_Exercise description_
Exactly the lines from the beginning of the records below through the line with "Canadian Army Clothing" must be given again, without pictures.

_Task inputs_
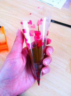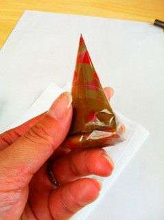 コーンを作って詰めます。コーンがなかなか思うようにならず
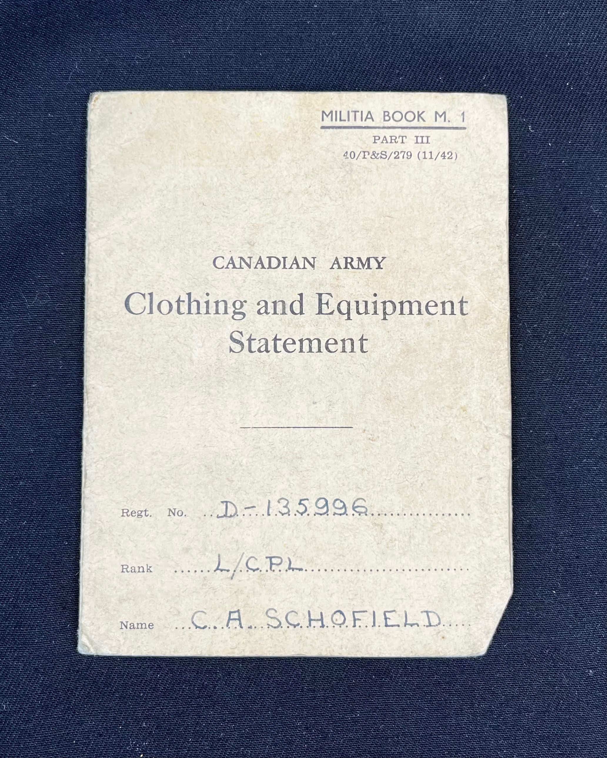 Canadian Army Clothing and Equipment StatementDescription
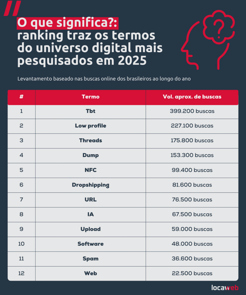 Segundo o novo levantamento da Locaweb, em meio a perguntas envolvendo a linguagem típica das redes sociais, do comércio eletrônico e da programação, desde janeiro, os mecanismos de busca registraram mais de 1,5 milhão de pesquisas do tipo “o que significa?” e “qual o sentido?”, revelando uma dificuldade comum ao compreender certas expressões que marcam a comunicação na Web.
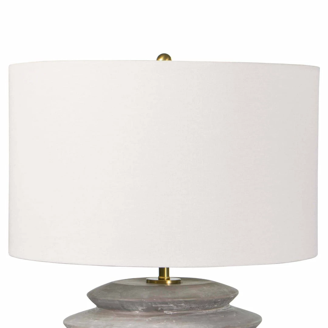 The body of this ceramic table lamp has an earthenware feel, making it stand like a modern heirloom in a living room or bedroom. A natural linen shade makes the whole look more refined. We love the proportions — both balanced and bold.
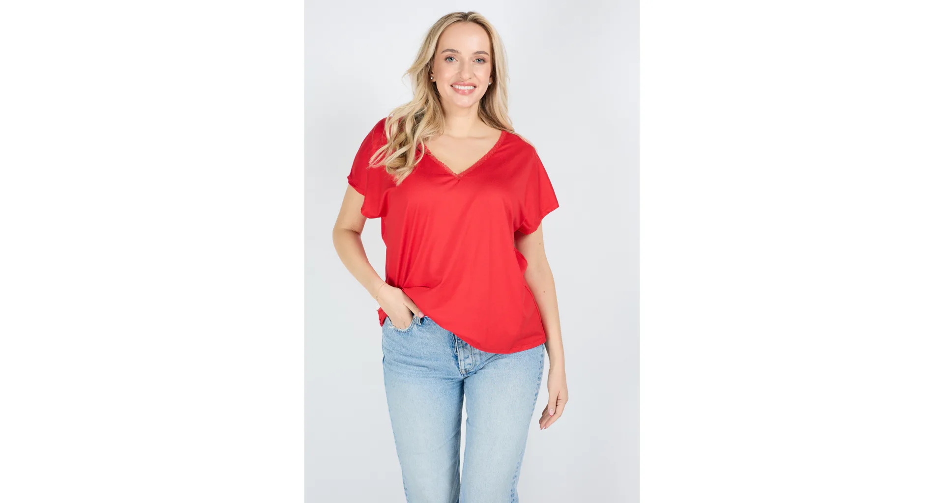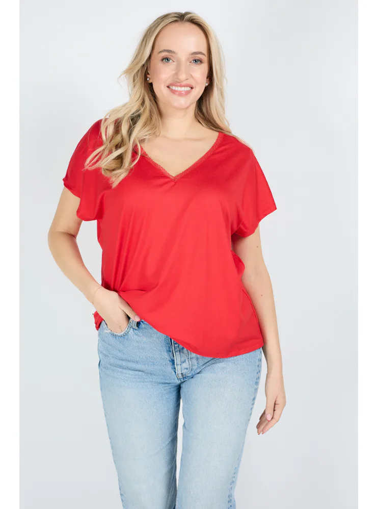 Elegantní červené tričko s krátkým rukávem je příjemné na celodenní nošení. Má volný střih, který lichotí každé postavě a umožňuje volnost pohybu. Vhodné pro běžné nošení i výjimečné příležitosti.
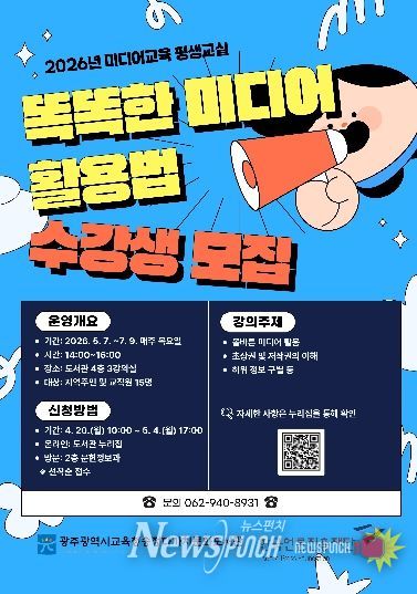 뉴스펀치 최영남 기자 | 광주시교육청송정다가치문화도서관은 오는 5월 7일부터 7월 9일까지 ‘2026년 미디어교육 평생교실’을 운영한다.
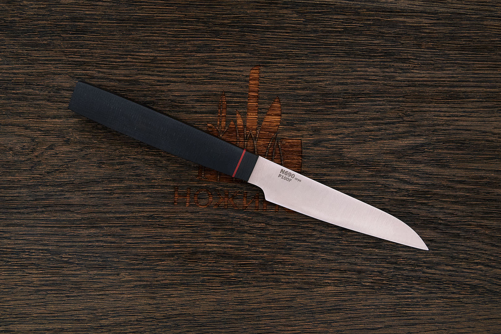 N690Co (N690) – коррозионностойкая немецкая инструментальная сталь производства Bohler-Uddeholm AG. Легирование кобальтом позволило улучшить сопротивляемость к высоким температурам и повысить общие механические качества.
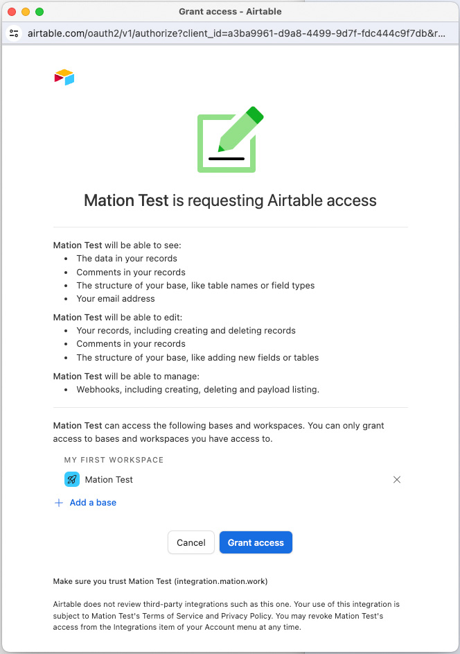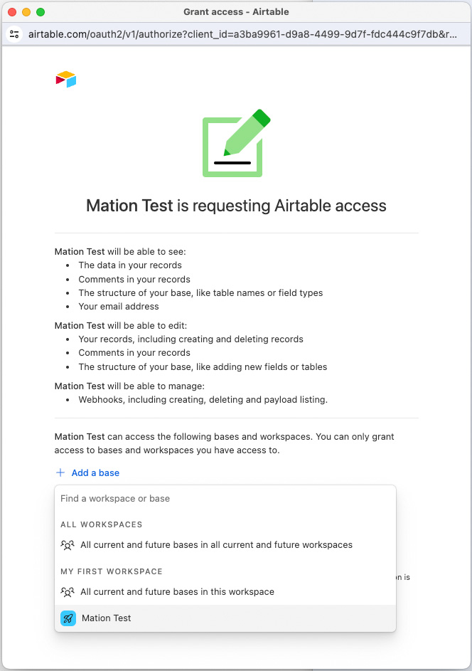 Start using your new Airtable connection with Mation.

_Answer space_
 コーンを作って詰めます。コーンがなかなか思うようにならず
 Canadian Army Clothing and Equipment StatementDescription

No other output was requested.